INSTRUCTIONS FOR THE TASK: A picture-free, exact copy of all the records below is the goal.

[RECORDS SUPPLIED — start]

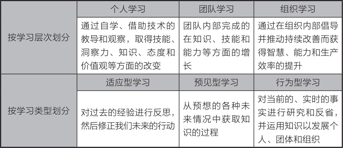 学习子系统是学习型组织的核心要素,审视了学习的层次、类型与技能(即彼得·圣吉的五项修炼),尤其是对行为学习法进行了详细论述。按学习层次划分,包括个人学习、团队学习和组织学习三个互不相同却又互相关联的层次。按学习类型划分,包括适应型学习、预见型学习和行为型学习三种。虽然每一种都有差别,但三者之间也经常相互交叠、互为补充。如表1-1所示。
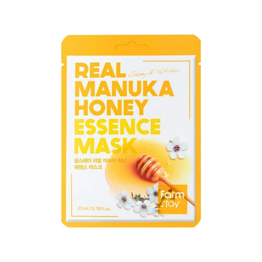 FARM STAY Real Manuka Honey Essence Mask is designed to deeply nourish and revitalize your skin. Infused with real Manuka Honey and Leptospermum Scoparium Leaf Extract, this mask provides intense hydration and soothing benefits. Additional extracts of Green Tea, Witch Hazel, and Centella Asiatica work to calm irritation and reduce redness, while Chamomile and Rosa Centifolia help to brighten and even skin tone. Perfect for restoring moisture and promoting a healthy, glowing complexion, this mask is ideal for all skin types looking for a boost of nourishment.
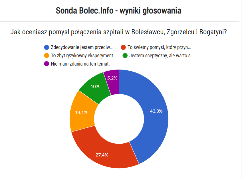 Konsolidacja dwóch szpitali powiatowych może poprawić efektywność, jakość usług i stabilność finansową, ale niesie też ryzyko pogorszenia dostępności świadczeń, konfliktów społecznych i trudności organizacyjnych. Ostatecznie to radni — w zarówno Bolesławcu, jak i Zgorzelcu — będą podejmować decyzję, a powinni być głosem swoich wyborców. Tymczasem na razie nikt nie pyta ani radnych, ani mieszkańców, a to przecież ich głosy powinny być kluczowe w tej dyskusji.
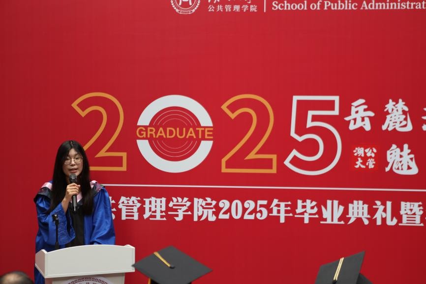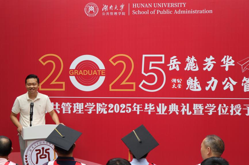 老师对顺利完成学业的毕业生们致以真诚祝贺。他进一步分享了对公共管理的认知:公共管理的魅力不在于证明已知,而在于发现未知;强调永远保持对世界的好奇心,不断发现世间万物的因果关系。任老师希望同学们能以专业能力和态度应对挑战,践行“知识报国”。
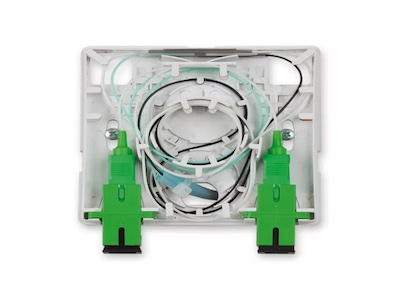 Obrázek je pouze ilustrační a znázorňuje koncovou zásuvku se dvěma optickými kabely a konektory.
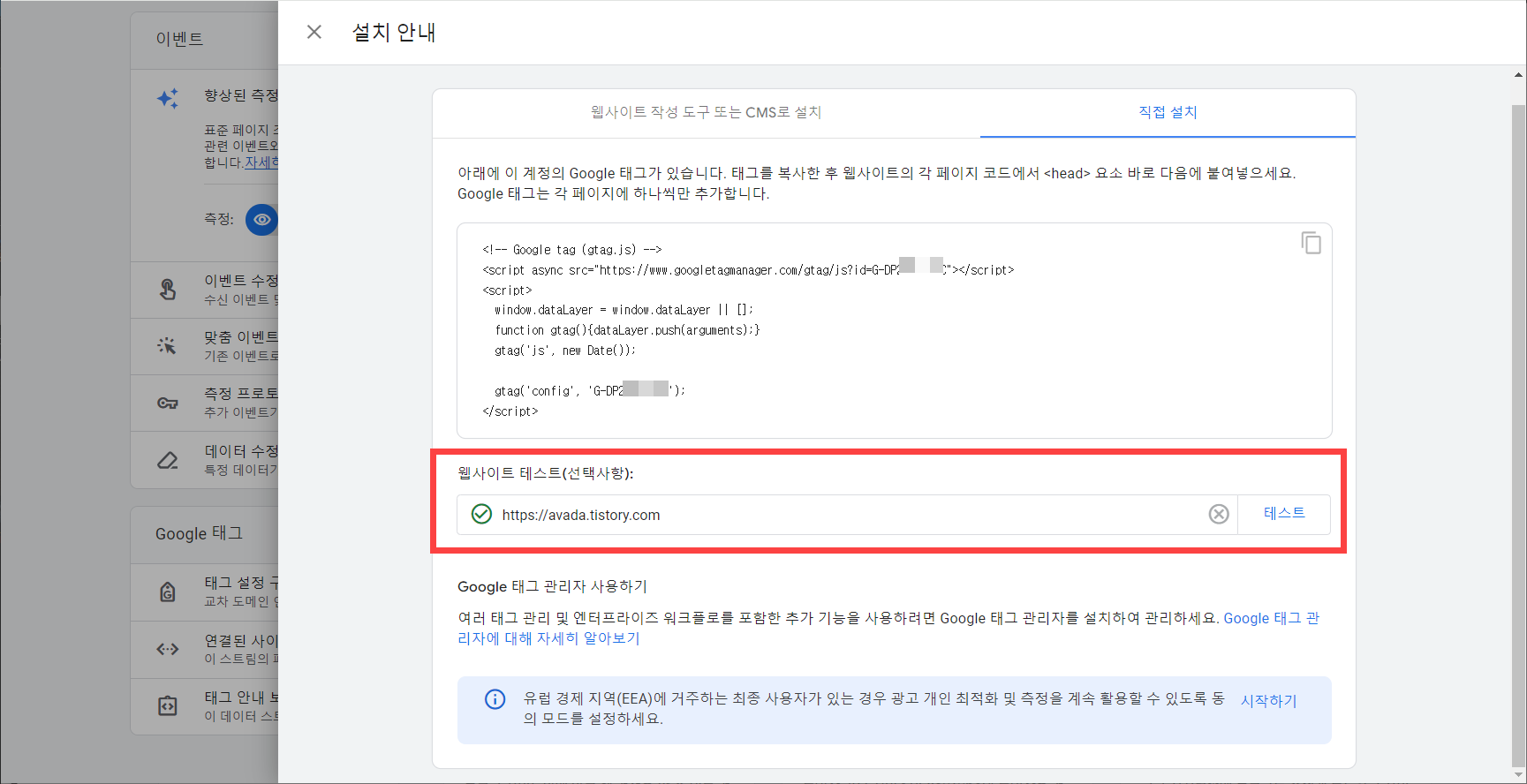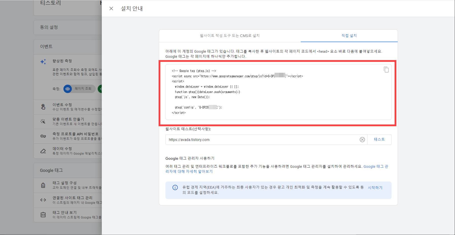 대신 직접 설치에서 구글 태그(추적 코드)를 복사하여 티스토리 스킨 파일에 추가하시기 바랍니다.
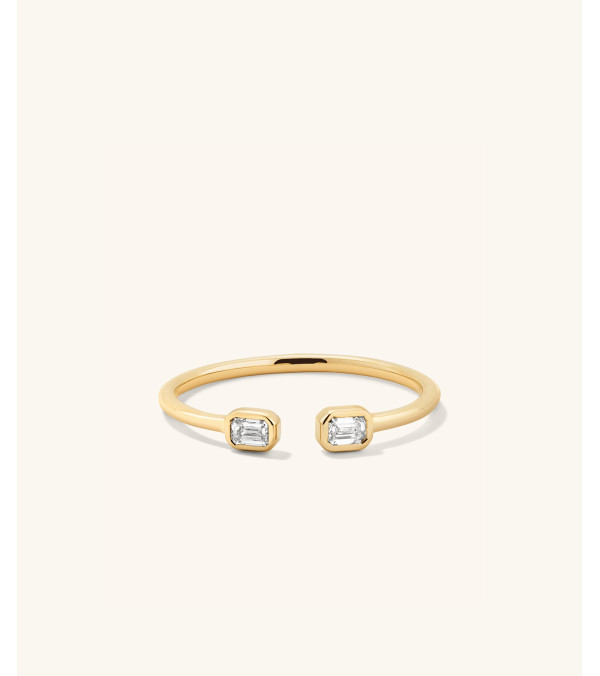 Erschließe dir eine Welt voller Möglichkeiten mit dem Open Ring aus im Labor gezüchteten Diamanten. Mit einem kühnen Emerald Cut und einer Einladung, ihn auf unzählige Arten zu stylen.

[RECORDS SUPPLIED — finish]

PROBLEM SOLUTION:
 学习子系统是学习型组织的核心要素,审视了学习的层次、类型与技能(即彼得·圣吉的五项修炼),尤其是对行为学习法进行了详细论述。按学习层次划分,包括个人学习、团队学习和组织学习三个互不相同却又互相关联的层次。按学习类型划分,包括适应型学习、预见型学习和行为型学习三种。虽然每一种都有差别,但三者之间也经常相互交叠、互为补充。如表1-1所示。
 FARM STAY Real Manuka Honey Essence Mask is designed to deeply nourish and revitalize your skin. Infused with real Manuka Honey and Leptospermum Scoparium Leaf Extract, this mask provides intense hydration and soothing benefits. Additional extracts of Green Tea, Witch Hazel, and Centella Asiatica work to calm irritation and reduce redness, while Chamomile and Rosa Centifolia help to brighten and even skin tone. Perfect for restoring moisture and promoting a healthy, glowing complexion, this mask is ideal for all skin types looking for a boost of nourishment.
 Konsolidacja dwóch szpitali powiatowych może poprawić efektywność, jakość usług i stabilność finansową, ale niesie też ryzyko pogorszenia dostępności świadczeń, konfliktów społecznych i trudności organizacyjnych. Ostatecznie to radni — w zarówno Bolesławcu, jak i Zgorzelcu — będą podejmować decyzję, a powinni być głosem swoich wyborców. Tymczasem na razie nikt nie pyta ani radnych, ani mieszkańców, a to przecież ich głosy powinny być kluczowe w tej dyskusji.
 老师对顺利完成学业的毕业生们致以真诚祝贺。他进一步分享了对公共管理的认知:公共管理的魅力不在于证明已知,而在于发现未知;强调永远保持对世界的好奇心,不断发现世间万物的因果关系。任老师希望同学们能以专业能力和态度应对挑战,践行“知识报国”。
 Obrázek je pouze ilustrační a znázorňuje koncovou zásuvku se dvěma optickými kabely a konektory.
 대신 직접 설치에서 구글 태그(추적 코드)를 복사하여 티스토리 스킨 파일에 추가하시기 바랍니다.
 Erschließe dir eine Welt voller Möglichkeiten mit dem Open Ring aus im Labor gezüchteten Diamanten. Mit einem kühnen Emerald Cut und einer Einladung, ihn auf unzählige Arten zu stylen.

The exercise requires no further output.